The main form of revolutionary organization in Syria has been through the development of local committees. Hundreds have been established in neighborhoods and towns across the country. This form of organization was inspired by Syrian anarchist Omar Aziz. He believed that it didn’t make sense for revolutionaries to participate in protests by day and then return to their lives within the authoritarian structures of the state. Aziz advocated for radical changes to social relationships and organization in order to challenge the foundations of a system built on exploitation and oppression. His ideas have had a huge impact on revolutionary organization in Syria. In the local committees revolutionary activists engage in multiple activities, from documenting and reporting on violations carried out by the regime (and increasingly elements of the opposition) to organizing protests and civil disobedience campaigns (such as strikes and refusing to pay utility bills). They collect and provide aid and humanitarian supplies to areas under bombardment or siege. The committees operate as horizontally organized, autonomous, leaderless groups, made up of all segments of the society (including minorities such as Christians, Alawites, Druze and Kurds). They have been the foundation of the revolutionary movement based on principles of cooperation, solidarity and mutual aid.

What are the external forces which are involved in the Syrian conflict?
There is a vicious geo-political struggle or proxy war being fought over Syria. On the global level this is taking place between the US and Russia and on the regional level between the Sunni axis (Gulf States) and Shia axis (Iran and Hizbullah). All of these actors are struggling to ensure that any outcome is favorable to their own interests and maintains or expands their power and hegemony in the region. There is also a violent counter revolution occurring inside Syria, with the rise of extremist Jihadi groups, many of them foreigners, who are not fighting for the liberation of the Syrian people but rather to impose their own religious agenda. None of these factors detract from the fact that there is also a popular struggle on the ground and revolutionary groups stand against both the regime and counter-revolutionary forces.

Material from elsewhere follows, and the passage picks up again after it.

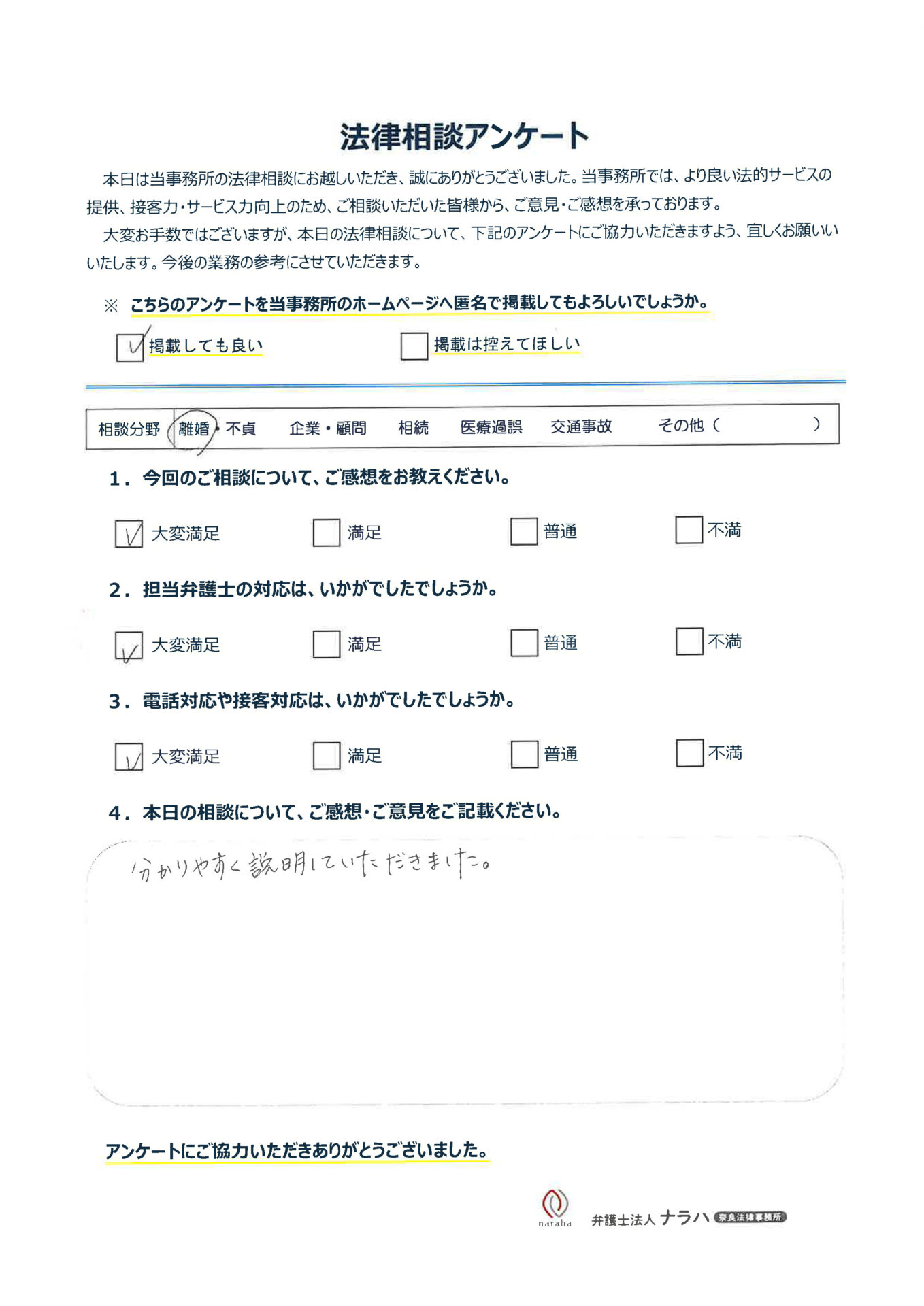 離婚相談に詳しい奈良の弁護士ならナラハ奈良法律事務所 TOP > お客様の声 > 「お客様の声」(116)

How are the rebels organized in the liberated areas?
I have explained above about the local committees being central to revolutionary organization. Also in areas liberated from the state Local Councils have been established which act as the primary civil administrative structure. These ensure the provision of basic services (such as electricity, health care, garbage disposal and water supply), coordinate with the activists of local committees and coordinate with the popular armed resistance to ensure security. They are often made up of the civilian activists that had participated in demonstrations as well as people selected for the their technical or professional abilities. Many of these people come from the middle classes in contrast to the formal opposition in exile, comprised mainly of people from richer families, which explains some of the tension between these two groups and lack of outside support. There is no one model for the Local Councils, but they mainly follow some form of representative democratic model and free local elections have occurred in areas where they have been established, something that has not happened in Syria under four decades of Baath rule. Challenges include scarcity of resources, as very little aid has come in from outside which hinders the councils in fulfilling their functions and providing for citizens. In some areas councils have also struggled to maintain independence from armed groups and in areas where militant Jihadist groups (the Islamic State of Iraq and Sham and Jabhat al Nusra) are strong, such as parts of northern Syria, these groups have tried to set up parallel institutions such as Islamic courts.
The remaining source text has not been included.